The global modal persists its last-committed settings in localStorage under forgather-global-tensorboard-v1; Reset to defaults clears that.

From a config in the Projects tree

Right-clicking a config in the Projects tree (or using the config's toolbar button) launches TensorBoard with the logdir seeded to the config's resolved output_dir. The window title is seeded to the config name. This is the fastest path while a training job is running: right-click the config, click TensorBoard..., submit.

Launching from the CLI

forgather tb --enqueue [--port 6006] [--priority N] [--server URL]

This enqueues a TensorBoard job through the same scheduler as the webui modal -- the resulting job shows up in the Jobs view and is controlled the same way. The full server CLI surface is documented in tools/forgather_server/README.md and guides/server-cli.md.

The forgather tb wrapper picks sensible defaults; for arbitrary TB flags, run the stock tensorboard CLI directly outside the scheduler.

Jobs view

A queued TensorBoard job appears on the Queue / Jobs tabs with a label like tensorboard:6006. Once started, the job card surfaces:

  • A clickable URL that opens the TB UI through the auth-gated reverse proxy.
  • A TTY tab streaming the tensorboard process output.
  • A Kill action.

TensorBoard is long-lived: it does not exit on its own.
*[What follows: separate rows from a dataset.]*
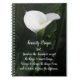 Un cuaderno de tamaño personal, enlazado en espiral, que muestra una foto de una bella y blanca Lily de Calla junto con las inspiradoras palabras de la Oración de la Serenidad. Utilícelo como diario o para mantener notas importantes.
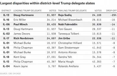 In the western Chicago suburbs, a Trump delegate candidate named Nabi Fakroddin received 14 percent fewer votes than a member of the same Trump slate named Paul Minch. In southern Illinois, a would-be Trump delegate named Raja Sadiq received an eye-popping 25 percent fewer votes than a slate-mate named Doug Hartmann. And in a rural western Illinois district, a losing Trump delegate named Jim Uribe received 11 percent fewer votes than one named Rich Nordstrom.
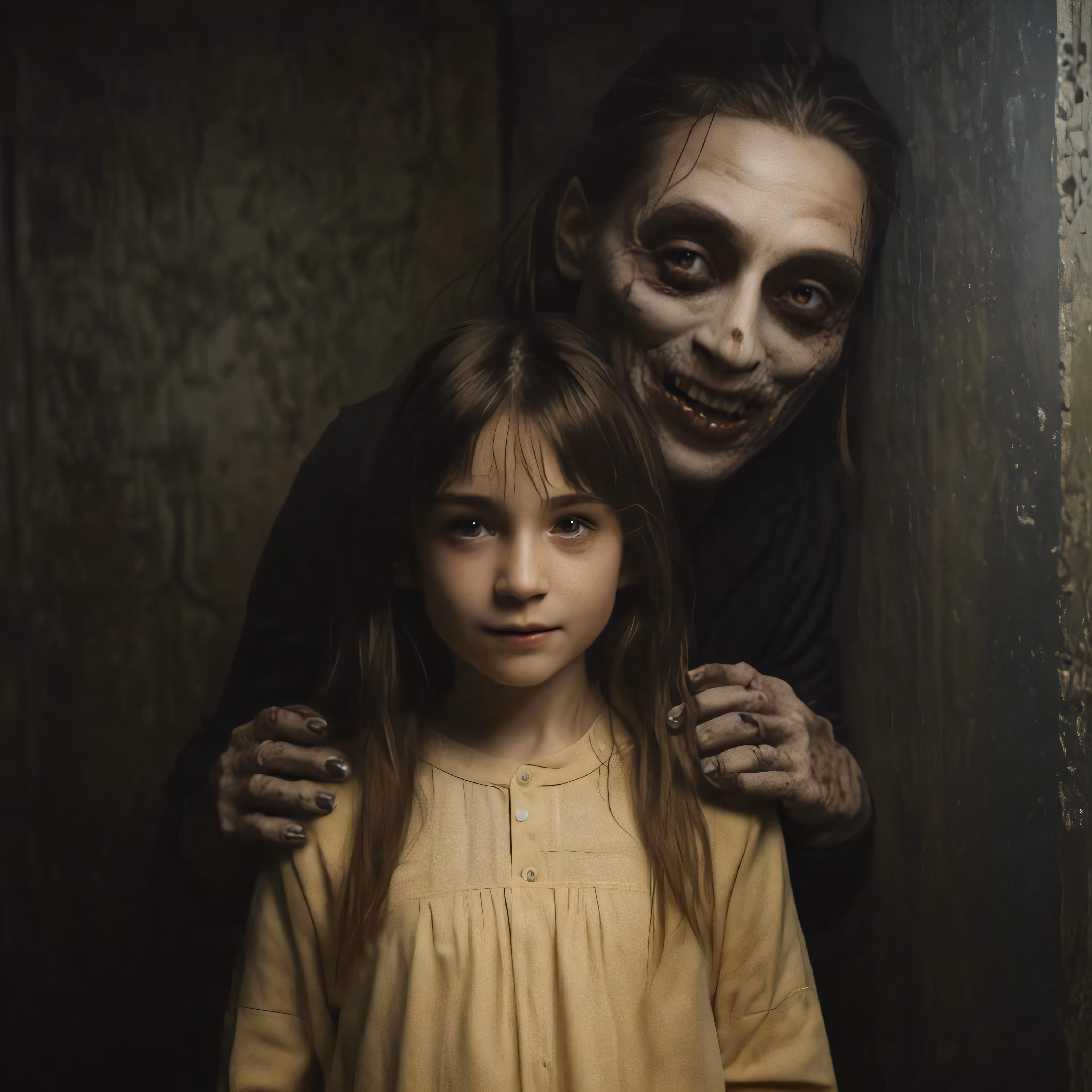 High resolution picture, free to use, a child in a zombie costume is standing next to an adult

Kill the job from the Jobs view (or forgather job kill <id>) when you're done.

Bind and proxy

Default bind is loopback (127.0.0.1). Browser access goes through the forgather server's auth-gated reverse proxy at:

/api/tb/<queue_id>/

The proxy strips the prefix on inbound requests; the server passes --path_prefix /api/tb/<queue_id> to TB so that its internally generated links and asset URLs resolve correctly under the proxy mount. This is why the URL on the job card includes /api/tb/<queue_id>/ rather than pointing at the raw TB port. The webui handles this plumbing automatically -- you should not normally need to set --path_prefix yourself.

Enabling --bind_all in the modal makes TB listen on every interface on the chosen port. This bypasses the proxy gate -- anyone who can reach that port on the host can read your training metrics. Use it only on trusted networks (or, more typically, leave it off and rely on the proxy + the webui's login).
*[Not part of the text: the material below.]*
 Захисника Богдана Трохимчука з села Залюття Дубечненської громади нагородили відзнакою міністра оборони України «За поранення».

WebSockets are not proxied, so the realtime profile plugin is unavailable through /api/tb/<queue_id>/. Set --bind_all and connect directly to the upstream port if you need it.
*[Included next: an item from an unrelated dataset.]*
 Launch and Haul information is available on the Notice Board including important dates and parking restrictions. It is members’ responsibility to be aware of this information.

If both --bind_all and a host override are passed, --bind_all wins (matching the tensorboard CLI's own precedence).

Common gotchas

  • Port collisions. Each concurrent TB instance needs a distinct port on the host. SSH port-forwards keyed to 6006 are common, so the modal sticks with that default rather than rotating it -- pick a fresh port per submit if you already have one running.
  • No GPUs are reserved. TensorBoard is CPU-only; the scheduler enqueues it with requested_gpus=0. It will not block training jobs on the GPU pool.
  • Event files appear late. The trainer flushes events periodically; immediately after forgather train starts, the logdir may be empty for a few seconds.
  • Stale logdir. TB caches its event-file scan; if you add new run directories under the same logdir while TB is running, set a smaller reload interval or restart the job.

See also

  • Log Analysis -- the Forgather-native forgather logs summary / forgather logs plot CLI works against trainer_logs.json and complements TB for quick offline plots and cross-run summaries.
  • Forgather Server -- auth model behind the /api/tb/ proxy and the rest of the webui.
  • Server CLI -- workflow walkthrough for forgather tb --enqueue, forgather job, forgather sched, and friends.
  • MkDocs -- the other long-lived viewer spawned from the Services menu; same lifecycle and auth-gating model.